Une des cinq personnes interpellées mardi dans plusieurs villes en France par les services antiterroristes, qui craignaient une action violente, avait monté une vidéo d'allégeance au groupe État islamique, a appris l'AFP jeudi de source proche du dossier. Certains des suspects étaient en contact via la messagerie cryptée Telegram : c'est l'évocation dans leurs échanges d'une vidéo d'allégeance à Daech qui a fait craindre la préparation d'un possible attentat, a précisé cette source.

Le plus jeune serait l'auteur de la vidéo. Les gardes à vue de ces quatre hommes et de cette femme, âgés de 17 à 24 ans, ont été prolongées de 48h, a indiqué une source judiciaire. Ils sont entendus au siège de la Sous-direction antiterroriste de la police judiciaire (Sdat) à Levallois-Perret, en banlieue parisienne. Ils ont été arrêtés mardi matin près de Rouen, à Roanne et à Villeneuve d'Ascq dans le cadre d'une enquête préliminaire ouverte au parquet antiterroriste depuis mars et confiée à la Sdat et à la Direction générale de la sécurité intérieure (DGSI). Le plus jeune, arrêté près de Rouen, est soupçonné d'être l'auteur de la vidéo, a ajouté la source proche du dossier.

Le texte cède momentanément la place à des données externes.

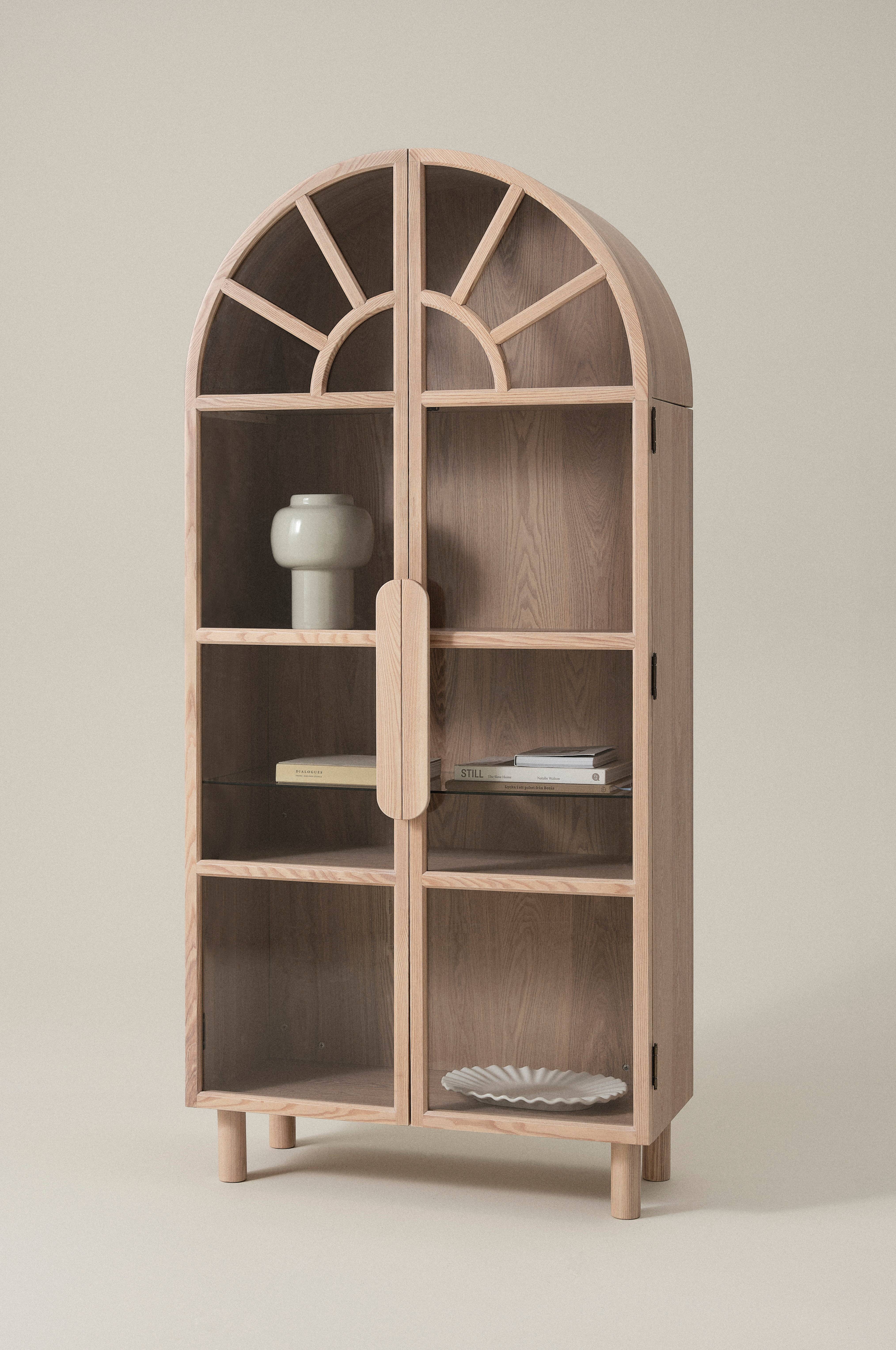 Bei dieser Vitrine aus Eschenholz und MDF mit Eschenfurnier ist das gesamte Material FSC-zertifiziert und mit wasserbasiertem Lack behandelt. Durch die Rundung oben und die Sprossentüren ist der Schrank besonders dekorativ. SANDOR präsentiert seinen Inhalt auf geschmackvolle Weise. Das Bogenelement oben, die Beine und die Türen mit Griffen sind aus massivem Eschenholz gearbeitet. Seiten, Rückwand, Boden und Einlegeböden bestehen aus MDF mit Eschenfurnier. Neben drei festen Böden aus MDF dient auch ein flexibler Einlegeboden aus Glas als Ablagefläche. Wandhalterung auf der Rückseite. Einige Montageschritte sind erforderlich. Inklusive Montageanleitung.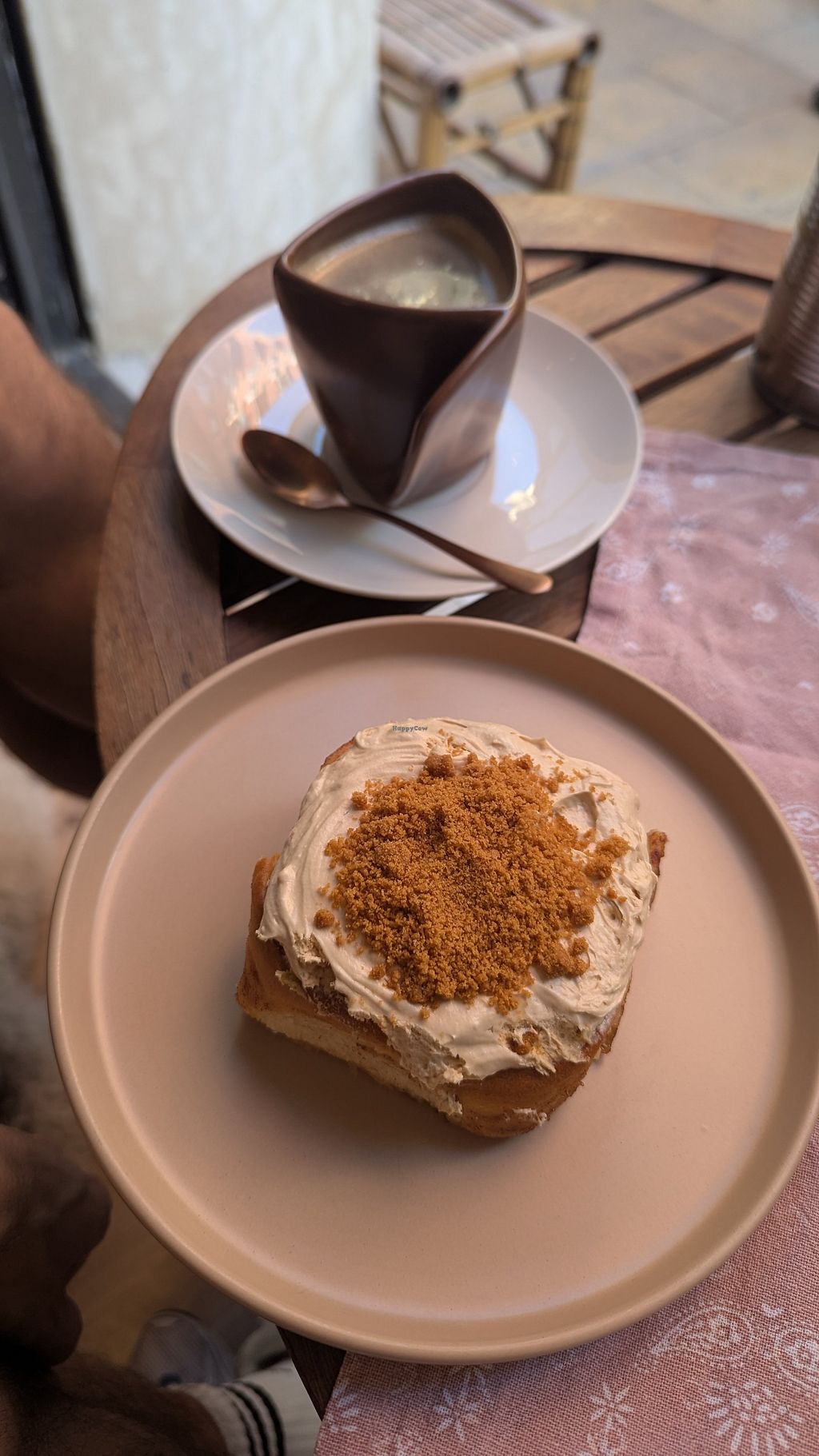 Me ha encantado esta cafetería, con todo vegano y una variedad interesante de dulces, además de algunos salados. Probamos los rollos de canela y las galletas de pistacho y qué bueno todo. El local es sencillo y agradable. El personal, muy amable, han abierto hace poco y se nota mucha ilusión. Qué bien, porque hay pocos sitios veganos por la zona. ☕️🌱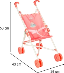 Lankstomas dizainas – vežimėlį galima lengvai sulankstyti iki kompaktiškų matmenų, kas palengvina jo nešiojimą ir laikymą. Mielas motyvas ant sėdynės ir saugos diržas suteikia žaidimui autentiškumo. Vežimėlis ne tik teikia džiaugsmą, bet ir lavina vaiko vaizduotę, empatiją ir socialinius įgūdžius.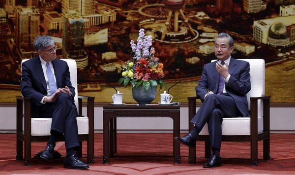 2023年6月26日,中共中央政治局委员、中央外办主任王毅在北京会见美中关系全国委员会董事会主席雅各布·卢、副主席格林伯格以及会长欧伦斯。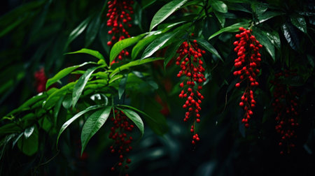 A bunch of red berries are hanging from a tree, AI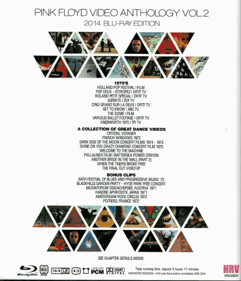 VOL.2 = 1970-1983 1970'S Holland Pop Festival | Film Pop Deux - St.Tropez | ORTF TV Roland Petit Special | ORTF TV Aspekte | ZDF TV Cinq Grand Sur La Deux | ORTF TV Get To Know | ABC TV The Dome | Film Various Ballet Footage | ORTF TV Knebworth 1975 | TF1 TV A COLLECTION OF GREAT DANCE VIDEOS Crystal Voyager French Windows 1972 Dark Side Of The Moon Concert Films 1974 ? 1975 Shine On You Crazy Diamond Concert Film 1975 Welcome To The Machine Pig Launch Film | Battersea Power Station Another Brick In The Wall (Part 2) When The Tigers Broke Free The Final Cut Video EP BONUS CLIPS Bath Festival of Blues and Progressive Music '70 Blackhill's Garden Party - Hyde Park Free Concert Musikforum Ossiachersee, Austria 1971 Hakone Aphrodite Japan 1971 Amsterdam Rock Circus 1972 Poitiers, France 1972 Total running time: Approx 5 hours 17 minutes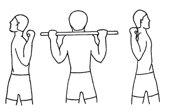 1. Возьми палку средней длины и на вдох подними ее над головой. При этом ноги должны быть разведены на ширину плеч. Опусти палку на плечи (выдох) и снова подними ее над головой (вдох). И так до 10 раз.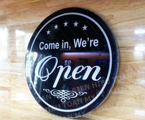 Biển open/closed được làm từ mica,inox có đặc điểm là đẹp ,sang trọng,phù hợp với từng phòng ban ,đơn vị,cửa hàng,…Biển open dùng để thông báo giờ đóng ,mở cửa có độ dày 6mm.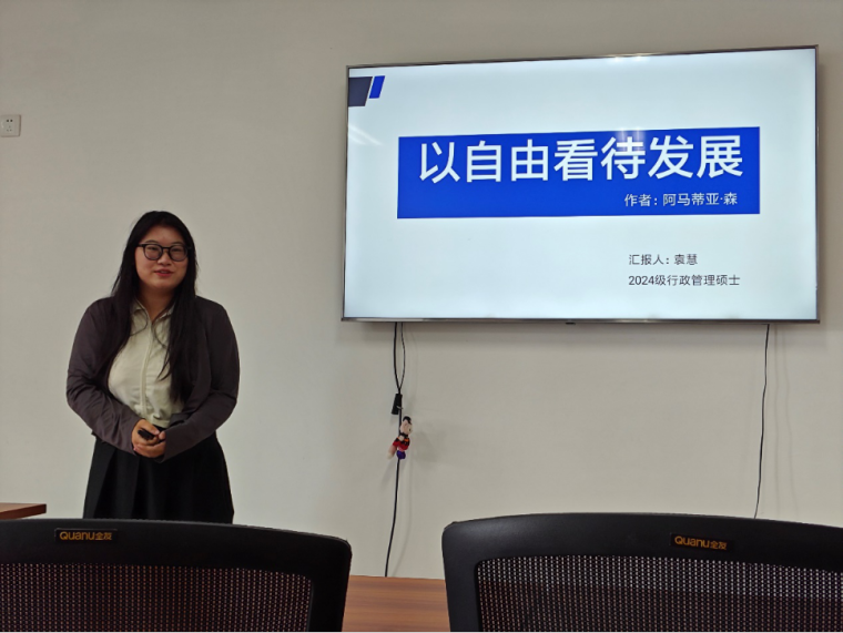 2024级行政管理专业硕士研究生袁慧分享的书籍是阿马蒂亚·森《以自由看待发展》。她首先简要介绍了一下作者的详细背景故事,阿马蒂亚・森,作为1998年诺贝尔经济学奖得主,在学界素有 “经济学良心的肩负者”“穷人的经济学家” 的美誉。其次详细阐述了《以自由看待发展》的核心观点。传统发展观往往聚焦于经济增长指标,而森则创新性地提出,发展的核心是扩展人们的真实自由。自由具有建构性和手段性双重作用,既是社会福利的核心标准,本身就是发展的目的,又能作为促进发展的重要工具。他通过大量统计学数据表明,政治权利能够唤起人们对普遍性需要的关注并要求恰当的公共行动,也能够对政府发挥激励作用。公开的讨论和批评对满足经济需要起着建设性作用。最后在社会机会方面,教育和医疗的普及能显著提升人们参与社会经济活动的能力在贫困研究方面,森的理论同样带来全新视角:他突破了权利分析方法的局限,将研究视角转向实质自由视角下的可行能力剥夺。传统以GDP、GNP衡量生活水准,用收入衡量贫困的方式存在诸多争议,而森强调以功能活动和可行能力作为生活水准和贫困衡量的标准。可行能力剥夺相较于收入剥夺,能更全面地解释贫困现象。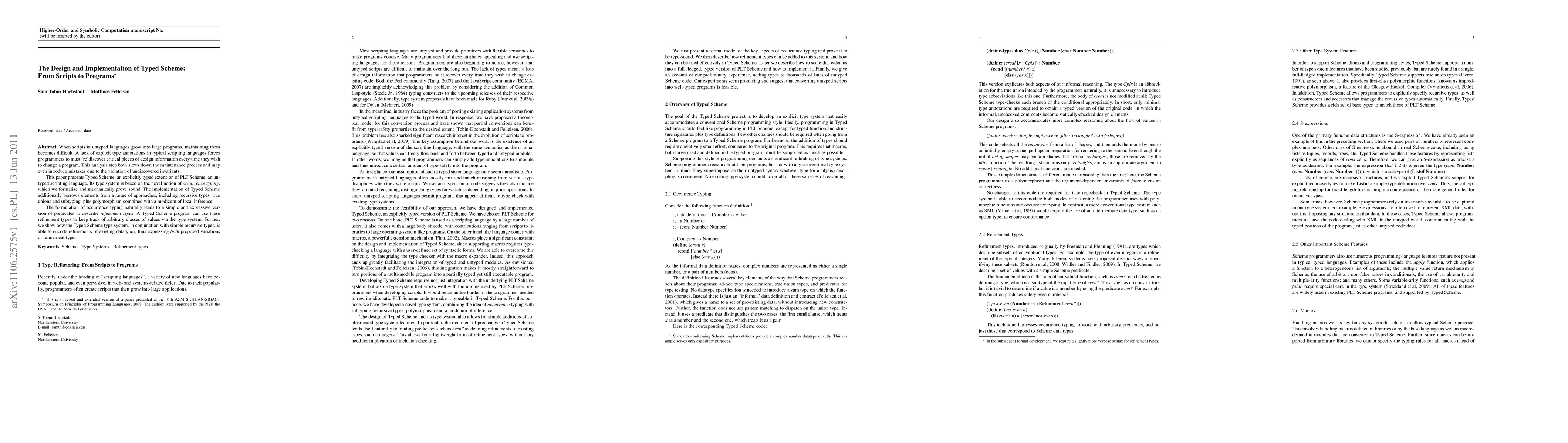 When scripts in untyped languages grow into large programs, maintaining them becomes difficult. A lack of explicit type annotations in typical scripting languages forces programmers to must (re)discover critical pieces of design information every time they wish to change a program. This analysis step both slows down the maintenance process and may even introduce mistakes due to the violation of undiscovered invariants. This paper presents Typed Scheme, an explicitly typed extension of PLT Scheme, an untyped scripting language. Its type system is based on the novel notion of occurrence typing, which we formalize and mechanically prove sound. The implementation of Typed Scheme additionally borrows elements from a range of approaches, including recursive types, true unions and subtyping, plus polymorphism combined with a modicum of local inference. The formulation of occurrence typing naturally leads to a simple and expressive version of predicates to describe refinement types. A Typed Scheme program can use these refinement types to keep track of arbitrary classes of values via the type system. Further, we show how the Typed Scheme type system, in conjunction with simple recursive types, is able to encode refinements of existing datatypes, thus expressing both proposed variations of refinement types.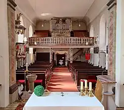 Der Hochaltar im Stil des Rokoko stammt aus der Kirche St. Michael in Würzburg. Er datiert aus dem Jahr 1775. Über dem Tabernakel befindet sich ein großes Kruzifix. Am rechten Seitenaltar sieht man ein Gemälde der Taufe Jesu im Jordan, am linken eines der Muttergottes. An der Kanzel, ebenfalls 1775 im Stil Materno Bossis gefertigt, befindet sich ein Relief der vier Evangelisten. In der Kirche sind auch spätgotische Holzfiguren der Heiligen Vitus und Nikolaus aus der Zeit um 1510 zu sehen.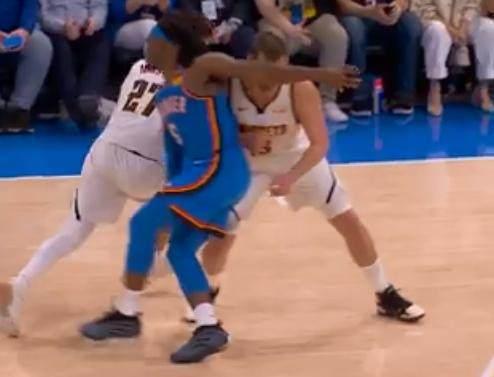 今日掘金客場再戰雷霆,比賽進行到還剩下1分鐘左右時,以116比123落後的掘金髮動進攻。約基奇上提爲穆雷設置掩護,多爾特在擠過掩護的過程中,左手手肘向後甩動,結結實實地打在了約基奇的面門上。再度遭到多爾特襲擊的約基奇捂臉倒地。裁判在觀看了回放之後,將這次犯規升級成爲了一級惡意。

Des armes légalement détenues. Lors d'une perquisition au domicile de son demi-frère, dans la même région, deux pistolets 9 mm et deux fusils-mitrailleurs, modifiés pour ne plus permettre de tirer en rafale, ont été retrouvés. Ces armes étaient détenues légalement par cet homme, également placé en garde à vue, les deux fusils-mitrailleurs n'étant pas dans cet état considérés comme des armes de guerre. Le suspect de 20 ans arrêté à Roanne faisait figure de meneur, a indiqué la source proche de l'enquête. Les deux derniers, un homme de 22 ans et sa compagne de 20 ans, décrits par une source policière comme appartenant à la "mouvance radicalisée", ont été interpellés à Villeneuve d'Ascq.